After a decently long sleep, I felt considerably better the next morning but my jaw hurt on the right hand side and I wondered if I’d been clenching my teeth during the night.  It was lovely and sunny so after finishing unpacking and getting a load of washing in, I planned to spend some time outside.  However, I got into writing my blog for the previous month without really thinking about it which took up most of the afternoon! 
That night I was still very tired but when I went to bed there was an incredibly bright white light on the other side of the railway tracks which was shining directly into the bedroom.  The dreaded engineering works had obviously moved up this end and I could hear shouting then later in the night, very loud drilling which was very annoying.  I put earplugs in but couldn’t really sleep until they stopped at 7.00 a.m.
On Wednesday morning, I finished my monthly blog then wrote another complaint to Network Rail.  I saw a neighbour who was whingeing about the noise and I showed her the letters they’d sent me.  Whilst it didn’t help with the sleep deprivation, at least I knew what was going on due to being notified via social media, but it must have been awful for people who did not know anything about it at all; how could they think that it would only affect people living directly adjacent to the line?  It beggared belief!
In the afternoon I found some materials to use for my collographic tree print and when I got to art class that evening, the art tutor said I’d better get sticking as I only had one session to do it as I would have to be ready for printing the following week. I cut all the trees out of different cardboard and sandpapers then started on the background but some bits just wouldn’t stick down.  Then I discovered that they stuck better if I put tissue paper underneath – I wish I’d known that at the start!  I was there until 9.20 p.m. and still hadn’t finished so arranged to do it at home and take it back for varnishing on Friday morning. 
The Loud railway engineering had already started by about 10 o’clock that night which I was trying hard to ignore. My partner said I was grimacing whereas in fact my jaw ache had returned. I decided there was no point going to bed early but then I felt really cold (despite the sunny days the nights were frosty) so I went upstairs to take painkillers for my jaw ache and used some heat rub which helped quite a bit.  I put earplugs in and tried to ignore the awful drilling noises which went on right through until 7.00 a.m.
On Thursday I did some cleaning up in the garden then worked on completing my collographic printing plate.  I applied lots of PVA to make it secure then added a few more tree branches and extra sparkles and didn’t finish it until 11 o’clock that night!  By this time, my jaw ache had come back again so when I went to bed I took more painkillers and did another self-massage.  The railway engineers weren’t too noisy at first and I slept on and off until 4 a.m., then they started making a huge racket so I was tossing and turning again until they shut up.

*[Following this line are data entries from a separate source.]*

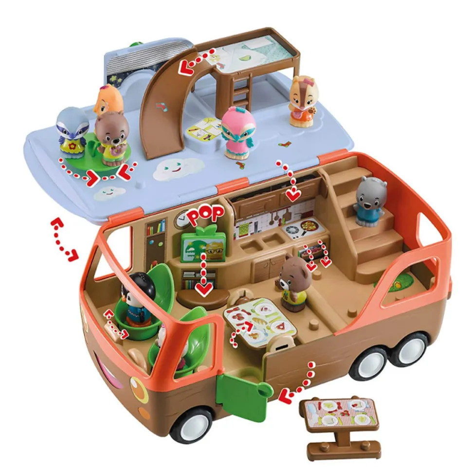 Partez à l’aventure avec le Camping-car des Klorofil !Telle une maison roulante, il y a tout dans le camping-car : le poste de pilotage, une cuisine, un espace repas et une chambre/salle de jeu ! Avec plus de 8 activités surprises et amusantes, le camping-car est le jouet idéal pour des heures de jeu !Contenu : Le camping car des Klorofil, une figurine : Léna de la famille Morse, et une table de pique-nique. Un véhicule avec une figurine idéales pour éveiller l’imaginaire des petits à partir de 18 mois.Dimension de la boite : L33 x H22 x P20 cm.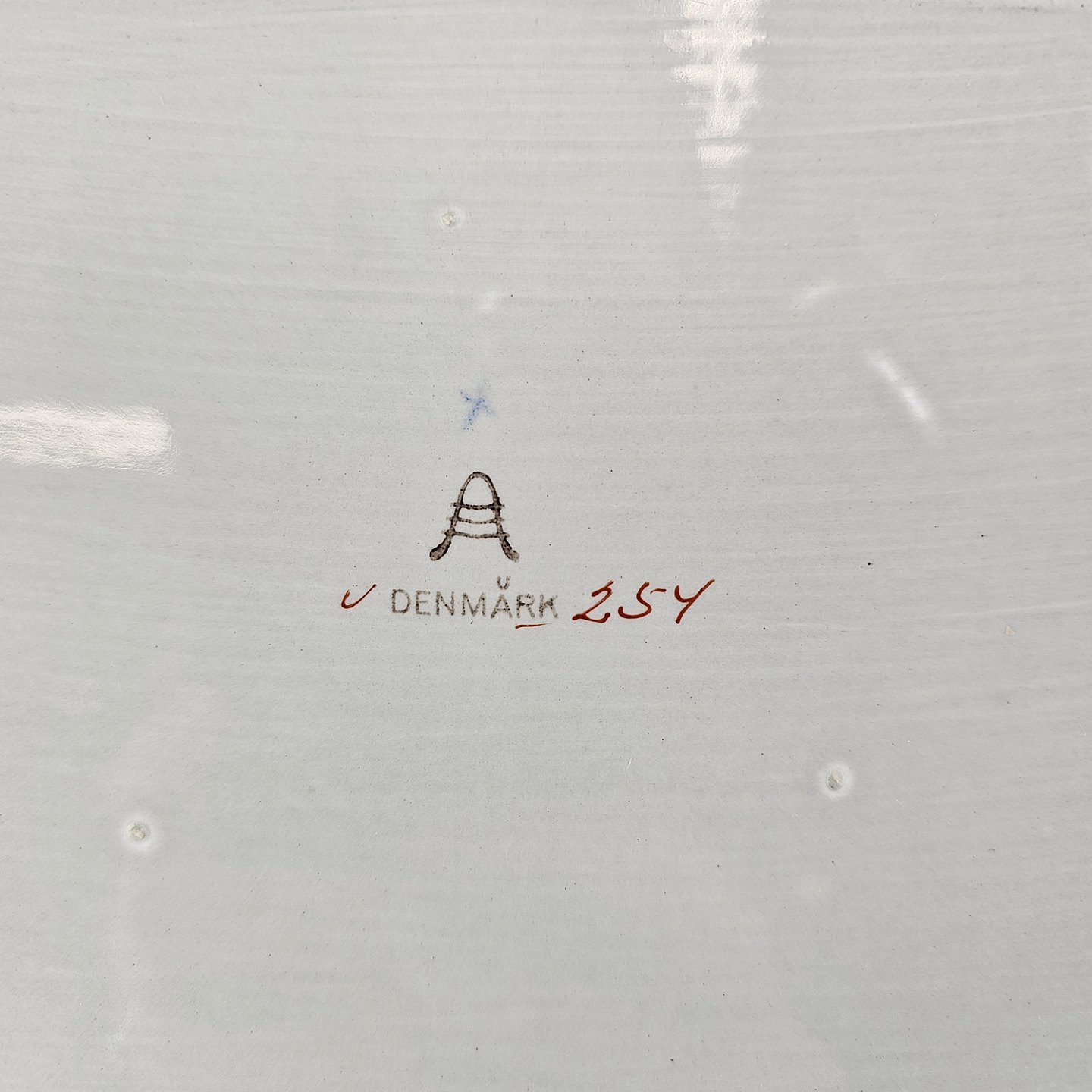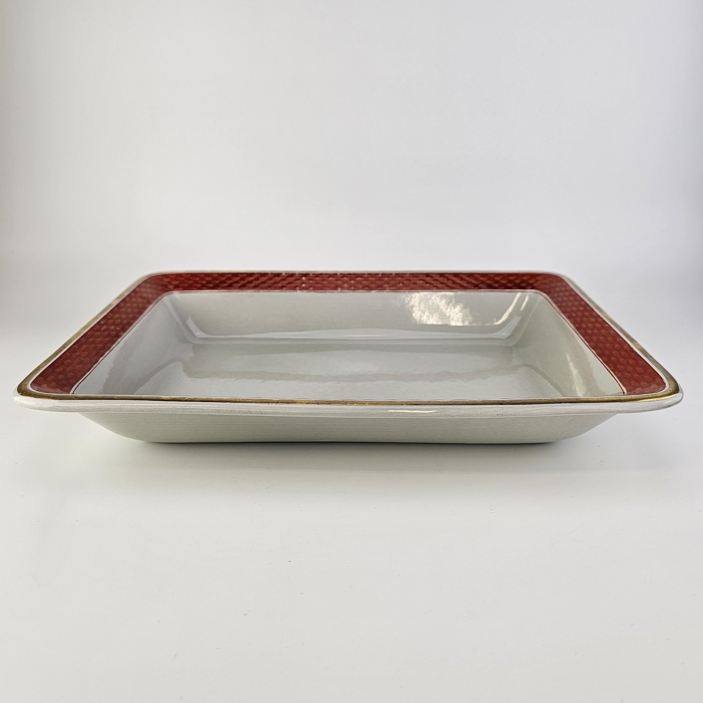 Tureby er stel i fajance dekoreret med rødt bånd og guldkant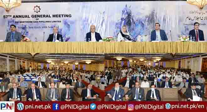 لاہور (پی این آئی) سوئی ناردرن گیس پائپ لائنز لمیٹڈ (ایس این جی پی ایل) کے حصہ دار ان کا 57 واں سالانہ اجلاسِ عام جمعہ29 جولائی 2022 کو پرل کانٹی نینٹل ہوٹل، لاہور میں منعقد ہوا۔کمپنی کے حصہ داران نے مالی سال 2020-21 کے سالانہ گوشواراجات کی منظوری دی جس میں تقریباً 11 ارب روپے کے منافع بعد از محاصل حا صل ہواجس کے نتیجے میں فی حصہ منافع 17 روپے 32 پیسے ہوا۔حصہ داران کی جانب سے سوئی ناردرن گیس پائپ لائنز لمیٹڈکے بورڈ آف ڈائریکٹرز کی سفارشات پر 5.00 روپے فی حصہ منافع کی منظوردی گئی جو کے 20 فیصد یعنی 2.00 روپے فی حصہ نقد منافع کے علاوہ ہے جو پہلے ہی 31 دسمبر 2020 ؁ء کو ختم ہونے والی مدت کے لئے ادا کیا جا چکا ہے۔مزید برآں کمپنی کے حصہ داران نے میسرز یوسف عادل، چارٹرڈ اکاؤنٹنٹس کو مالی سال 2021-22 کے لیے بطور پٹرتال کنندہ دوبارہ مقرر کر دیا۔

On Friday morning we heard the news that Tony Benn had died which was sad (although he was old and ill) and I reflected that as Bob Crow had died on Tuesday, that was two socialists in a week!
It was lovely and sunny when I set out for the art studio to varnish my plate ready for printing the following week, then when I came out of the studio, it was cloudy and cold. I regretted going out wearing a blazer and ended up buying a scarf before meeting my friend with the interesting ailments as arranged. I suggested we go inside a cafe and said I would buy her cake as it been her birthday while we were away.  She was still ill and I said it had better not be her fault I kept getting poorly too and if I got sinusitis again, I was not seeing her any more until she was germ-free.
On Friday night it was quiet enough when I went to bed but I still put earplugs in as a precaution. I was in a weird not-quite-asleep state for some time, then I was woken at least three times by the engineering noises which went on right up to 7 o’clock again.  My partner had also been in a weird half-asleep daze for hours; most likely due to not being able to sleep properly when the chainsaws were in use. 
Saturday was dull, cloudy and cold.  My partner spent the day cutting out stencils.  I did some baking and tried to plan a visit to London – this was proving a bit complicated as I needed to work round my sister’s dates, the Matisse exhibition and being able to get cheap train tickets.  I narrowed it down to a couple of weekends in May then had to wait for my partner to check if they would be alright for him. 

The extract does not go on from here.